Developer entry and greatest practices
To make use of Qwen3-Coder optimally, Qwen recommends:
- Sampling settings: temperature=0.7, top_p=0.8, top_k=20, repetition_penalty=1.05
- Output size: As much as 65,536 tokens
- Transformers model: 4.51.0 or later (older variations might throw errors as a result of qwen3_moe incompatibility)
APIs and SDK examples are offered utilizing OpenAI-compatible Python shoppers.
Builders can outline customized instruments and let Qwen3-Coder dynamically invoke them throughout dialog or code era duties.
Heat early reception from AI energy customers
Preliminary responses to Qwen3-Coder-480B-A35B-Instruct have been notably constructive amongst AI researchers, engineers, and builders who’ve examined the mannequin in real-world coding workflows.
Along with Raschka’s lofty reward above, Wolfram Ravenwolf, an AI engineer and evaluator at EllamindAI, shared his expertise integrating the mannequin with Claude Code on X, stating, “That is certainly the most effective one at the moment.”
After testing a number of integration proxies, Ravenwolf mentioned he in the end constructed his personal utilizing LiteLLM to make sure optimum efficiency, demonstrating the mannequin’s attraction to hands-on practitioners targeted on toolchain customization.
Educator and AI tinkerer Kevin Nelson additionally weighed in on X after utilizing the mannequin for simulation duties.
“Qwen 3 Coder is on one other degree,” he posted, noting that the mannequin not solely executed on offered scaffolds however even embedded a message inside the output of the simulation — an sudden however welcome signal of the mannequin’s consciousness of job context.

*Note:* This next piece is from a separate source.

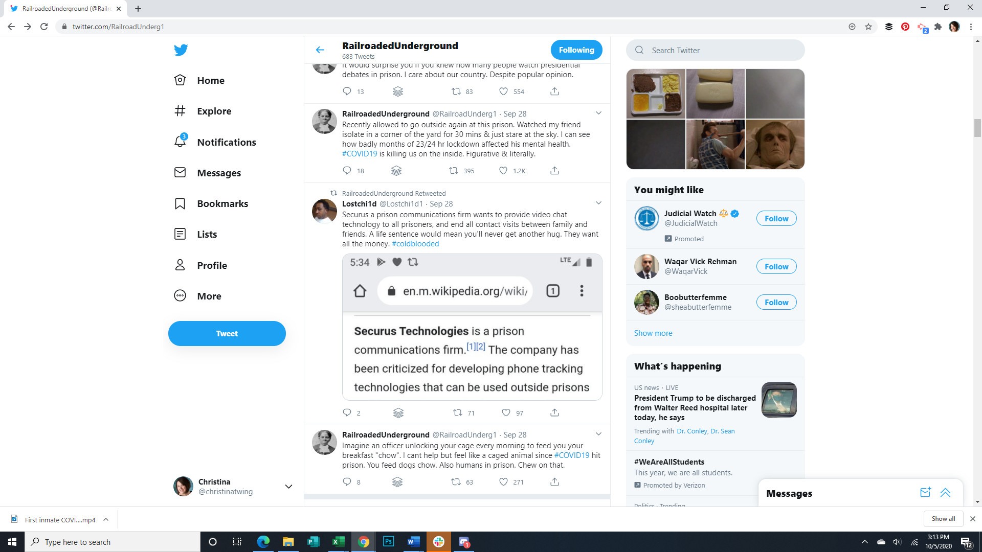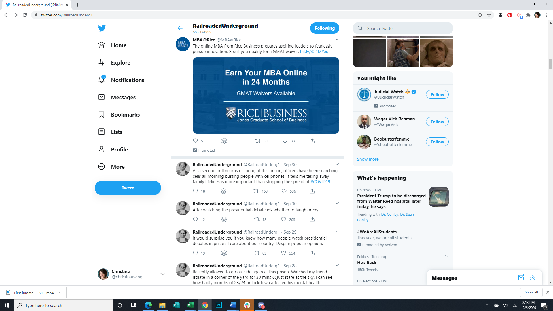 Tweets from Inside a Prison 09/27-10/03/2020 by Railroad Underground

Even Twitter co-founder and Sq. (now referred to as “Block”) founder Jack Dorsey posted an X message in reward of the mannequin, writing: “Goose + qwen3-coder = wow,” in reference to his Block’s open supply AI agent framework Goose, which VentureBeat lined again in January 2025.

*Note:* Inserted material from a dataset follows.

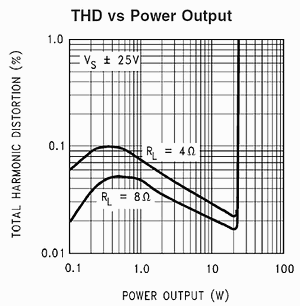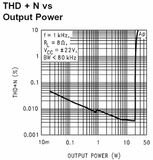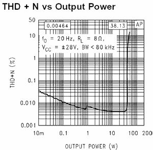 Глядя на приведенный график зависимости THD от мощности можно видеть также замечательные значения мощности при очень низком уровне искажений и у микросхемы LM3886.

These responses counsel Qwen3-Coder is resonating with a technically savvy person base searching for efficiency, adaptability, and deeper integration with current growth stacks.
Wanting forward: extra sizes, extra use instances
Whereas this launch focuses on probably the most highly effective variant, Qwen3-Coder-480B-A35B-Instruct, the Qwen group signifies that further mannequin sizes are in growth.
These will intention to supply related capabilities with decrease deployment prices, broadening accessibility.
Future work additionally contains exploring self-improvement, because the group investigates whether or not agentic fashions can iteratively refine their very own efficiency via real-world use.